Below are entries. Copy exactly the lines running from the line that holds "Eine Karte und" to the line that holds "넷마블 기대작인 만큼", with both ends included.
##### PROVIDED RECORDS #####
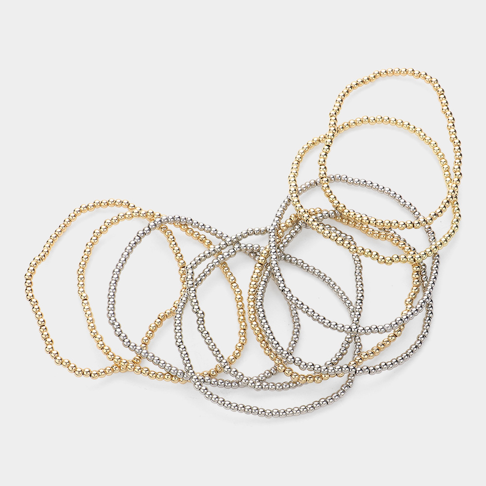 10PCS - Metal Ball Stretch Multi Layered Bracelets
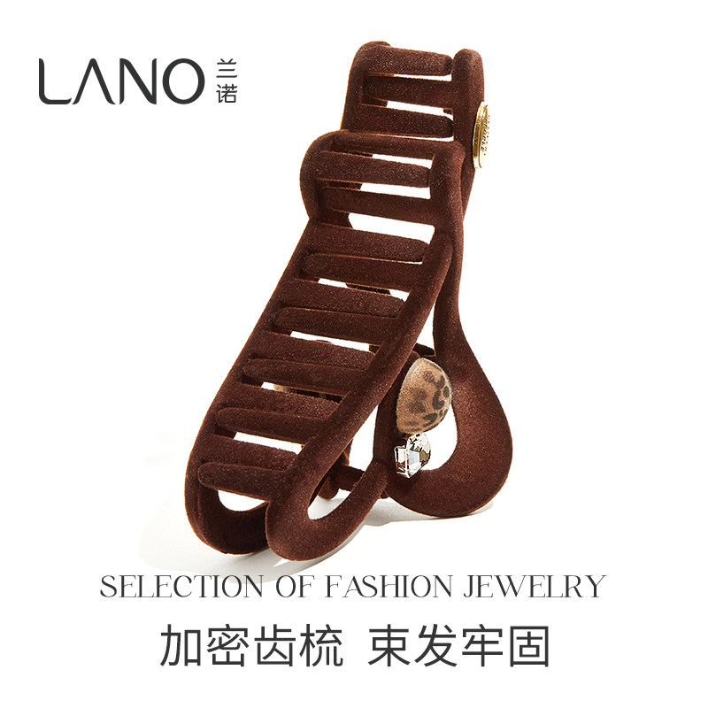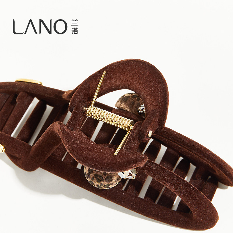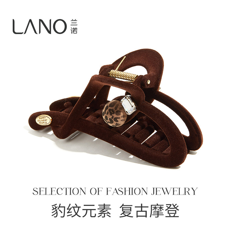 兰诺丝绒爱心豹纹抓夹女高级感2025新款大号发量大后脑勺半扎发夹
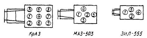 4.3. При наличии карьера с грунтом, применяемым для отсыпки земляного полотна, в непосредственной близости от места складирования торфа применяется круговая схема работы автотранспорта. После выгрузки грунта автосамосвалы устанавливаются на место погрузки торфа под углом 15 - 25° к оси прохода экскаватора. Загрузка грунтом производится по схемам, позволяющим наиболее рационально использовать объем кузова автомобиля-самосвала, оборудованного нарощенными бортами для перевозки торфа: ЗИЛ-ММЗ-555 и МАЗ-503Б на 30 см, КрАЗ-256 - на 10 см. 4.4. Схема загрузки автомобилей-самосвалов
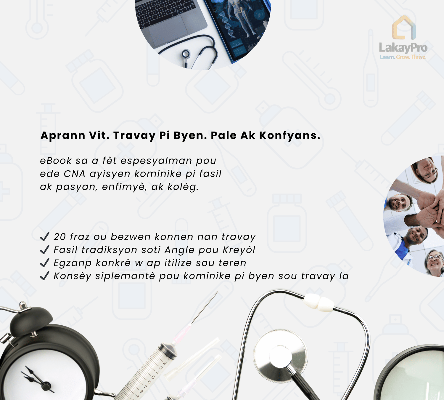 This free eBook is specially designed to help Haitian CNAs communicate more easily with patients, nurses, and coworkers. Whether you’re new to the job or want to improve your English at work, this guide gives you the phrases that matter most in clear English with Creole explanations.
#####
##### PROVIDED RECORDS #####
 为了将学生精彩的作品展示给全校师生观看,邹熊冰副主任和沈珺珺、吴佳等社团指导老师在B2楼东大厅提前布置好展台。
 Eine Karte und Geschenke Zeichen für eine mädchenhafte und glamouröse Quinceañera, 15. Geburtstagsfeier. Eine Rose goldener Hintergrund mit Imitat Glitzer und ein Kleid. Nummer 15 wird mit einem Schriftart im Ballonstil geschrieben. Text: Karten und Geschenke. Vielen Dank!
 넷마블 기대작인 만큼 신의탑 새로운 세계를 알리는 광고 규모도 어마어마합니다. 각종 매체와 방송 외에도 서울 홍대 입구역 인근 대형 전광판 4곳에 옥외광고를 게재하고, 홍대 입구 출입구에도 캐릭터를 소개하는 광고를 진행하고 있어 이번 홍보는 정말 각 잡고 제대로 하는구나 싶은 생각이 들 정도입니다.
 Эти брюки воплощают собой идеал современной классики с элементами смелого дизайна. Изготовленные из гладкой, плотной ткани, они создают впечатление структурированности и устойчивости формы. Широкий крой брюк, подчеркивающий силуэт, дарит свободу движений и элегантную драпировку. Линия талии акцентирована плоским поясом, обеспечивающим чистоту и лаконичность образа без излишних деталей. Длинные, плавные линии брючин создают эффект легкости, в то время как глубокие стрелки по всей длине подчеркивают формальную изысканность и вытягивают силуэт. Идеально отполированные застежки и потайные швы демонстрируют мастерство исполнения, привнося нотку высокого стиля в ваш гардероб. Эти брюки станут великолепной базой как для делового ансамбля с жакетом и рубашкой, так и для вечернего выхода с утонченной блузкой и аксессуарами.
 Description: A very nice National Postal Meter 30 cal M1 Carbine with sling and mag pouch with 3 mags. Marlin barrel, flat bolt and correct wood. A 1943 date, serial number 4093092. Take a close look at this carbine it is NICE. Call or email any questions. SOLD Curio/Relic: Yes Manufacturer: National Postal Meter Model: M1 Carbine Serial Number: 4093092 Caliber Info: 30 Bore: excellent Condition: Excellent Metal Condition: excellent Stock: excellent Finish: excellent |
#####
##### PROVIDED RECORDS #####
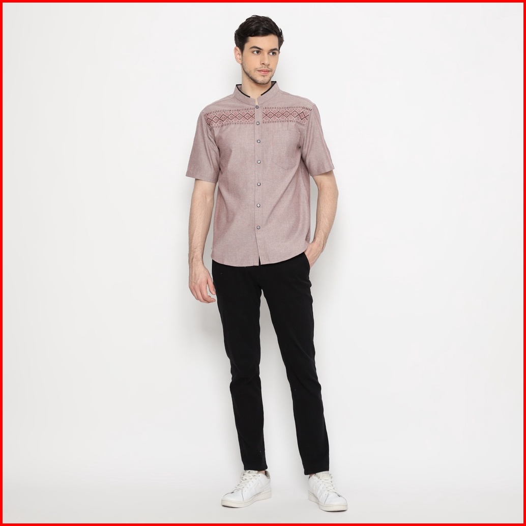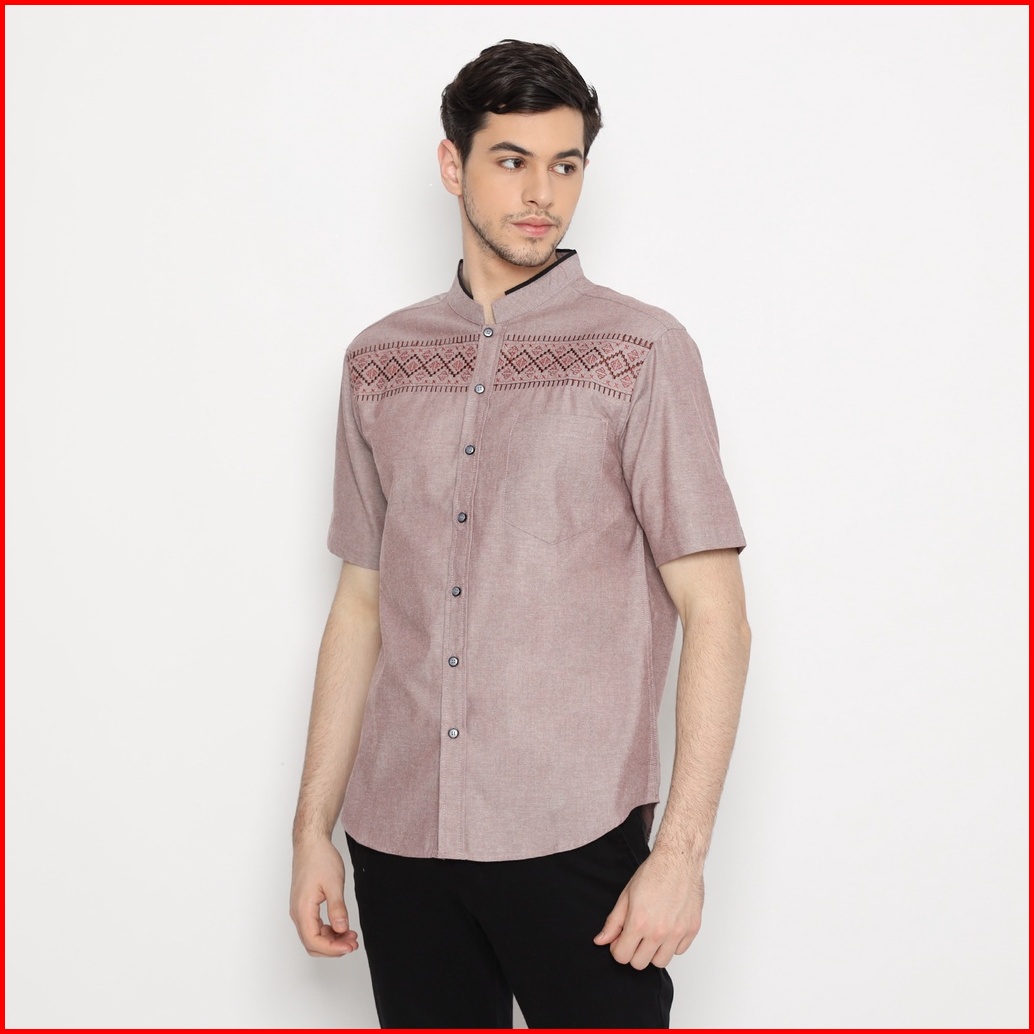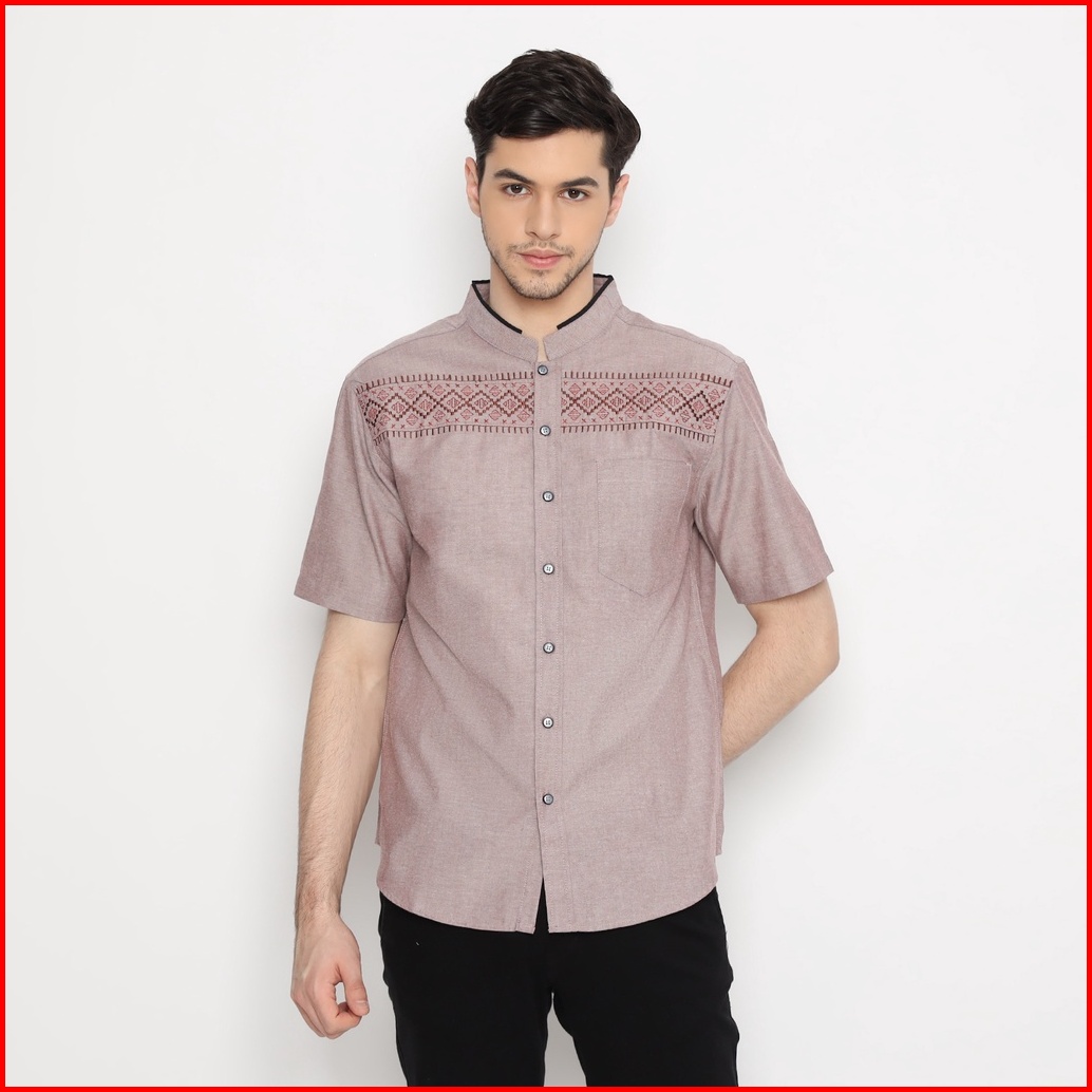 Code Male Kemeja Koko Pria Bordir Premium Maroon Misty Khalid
#####
RESULT OF THE EXERCISE |
 Eine Karte und Geschenke Zeichen für eine mädchenhafte und glamouröse Quinceañera, 15. Geburtstagsfeier. Eine Rose goldener Hintergrund mit Imitat Glitzer und ein Kleid. Nummer 15 wird mit einem Schriftart im Ballonstil geschrieben. Text: Karten und Geschenke. Vielen Dank!
 넷마블 기대작인 만큼 신의탑 새로운 세계를 알리는 광고 규모도 어마어마합니다. 각종 매체와 방송 외에도 서울 홍대 입구역 인근 대형 전광판 4곳에 옥외광고를 게재하고, 홍대 입구 출입구에도 캐릭터를 소개하는 광고를 진행하고 있어 이번 홍보는 정말 각 잡고 제대로 하는구나 싶은 생각이 들 정도입니다.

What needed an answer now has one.